All operations go through DQEngine:
from databricks.labs.dqx.engine import DQEngine
from databricks.sdk import WorkspaceClient
dq = DQEngine(WorkspaceClient())
dq.save_checks(checks_metadata, config=...)
checks_metadata = dq.load_checks(config=...)
Pick a storage config
| Config | Location example | When to use |
|---|
FileChecksStorageConfig | "checks.yml" | Local / repo-relative path. Simplest; also resolves to workspace paths when run from a Databricks notebook or job. |
WorkspaceFileChecksStorageConfig | "/Shared/App1/checks.yml" | Absolute workspace path outside your installation. Good for team-shared rule libraries. |
VolumeFileChecksStorageConfig | "/Volumes/cat/schema/vol/checks.yml" | Unity Catalog volume — versioned, auditable, works across workspaces. |
TableChecksStorageConfig | "catalog.schema.checks" | Most scalable. Schema includes a run_config_name discriminator so multiple pipelines can share one table. |
InstallationChecksStorageConfig | run_config_name="default" | Resolves to whatever checks_location is set in the DQX workspace install's RunConfig. Use this inside workflows so a single config change re-points every pipeline. |
LakebaseChecksStorageConfig | "database.schema.checks" | Store checks in a Lakebase Postgres-compatible catalog. |
YAML / JSON file example
import yaml
from databricks.labs.dqx.config import FileChecksStorageConfig, WorkspaceFileChecksStorageConfig
checks = yaml.safe_load("""
- criticality: warn
check:
function: is_not_null_and_not_empty
arguments:
column: col3
- criticality: error
check:
function: is_not_null
for_each_column: [col1, col2]
""")
dq.save_checks(checks, config=FileChecksStorageConfig(location="checks.yml"))
dq.save_checks(checks, config=WorkspaceFileChecksStorageConfig(location="/Shared/App1/checks.yml"))
Delta table example
from databricks.labs.dqx.config import TableChecksStorageConfig
cfg = TableChecksStorageConfig(
location="catalog.schema.checks",
run_config_name="orders_pipeline",
mode="overwrite",
)
dq.save_checks(checks, config=cfg)
loaded = dq.load_checks(config=cfg)
See Table Schemas and Relationships for the table schema.
Installation-based config
When DQX is installed in a workspace (databricks labs dqx install), every RunConfig in .dqx/config.yml has a checks_location field. Use InstallationChecksStorageConfig so notebooks, workflows, and ad-hoc code all resolve to the same place:
from databricks.labs.dqx.config import InstallationChecksStorageConfig
cfg = InstallationChecksStorageConfig(run_config_name="default")
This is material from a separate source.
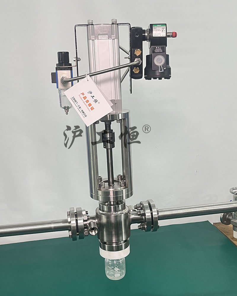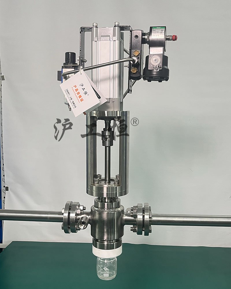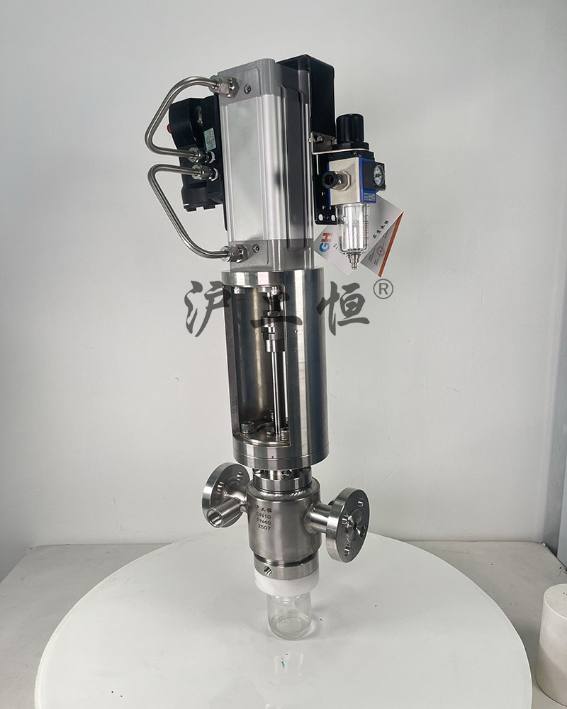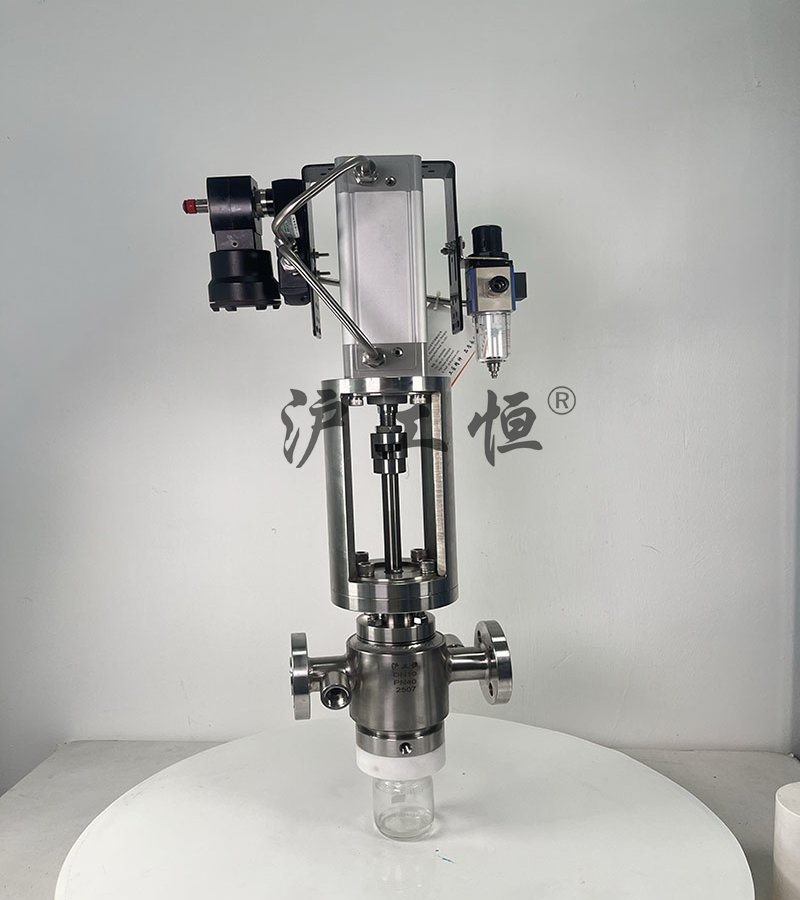 氣動柱塞式定量取樣閥,解決了現(xiàn)有取樣閥的復(fù)雜結(jié)構(gòu),取樣瓶采用PFA材質(zhì),可取樣為腐蝕性介質(zhì),氣動柱塞式定量取樣閥主要有閥體、閥芯、閥桿、閥座、密閉針、帶膜片取樣瓶組成,取樣瓶為可拆卸設(shè)計,試樣從入料針進入取樣瓶內(nèi),并通過排氣針排出壓力,使取樣瓶保持在常壓狀態(tài),取樣瓶品裝有橡膠膜可將取樣瓶密封,避免污染試樣,流道無流阻設(shè)計,不影響流量,閥桿通過手柄、電動執(zhí)行機構(gòu)、氣動執(zhí)行機構(gòu)旋轉(zhuǎn)帶動閥桿及閥芯,閥芯上下提拉,可精確控制流量,實現(xiàn)試樣進入取樣瓶內(nèi),取樣瓶可選透明和避光兩種,本取樣閥廣泛應(yīng)用在制藥、化工、食品行業(yè)。

checks = dq.load_checks(config=cfg)
CLI equivalents
databricks labs dqx open-remote-config
databricks labs dqx profile --run-config default --patterns "main.product001.*"
Do / Don't
- Do keep one authoritative store per pipeline — a Delta table or a volume YAML — and point every apply call at it. Don't scatter checks across notebooks.
- Do use
InstallationChecksStorageConfig from workflows; it makes the pipeline portable across workspaces.
- Do version rule changes — if you're on Delta,
TIME TRAVEL gives you that for free; if you're on YAML in a repo, use git.
- Don't try to save class-form checks (
DQRowRule) directly — call serialize_checks(...) from databricks.labs.dqx.checks_serializer first.
- Don't use
FileChecksStorageConfig with a relative path inside a Databricks job cluster unless you understand where that resolves — prefer WorkspaceFileChecksStorageConfig or a volume.
Canonical docs: https://databrickslabs.github.io/dqx/docs/guide/quality_checks_storage.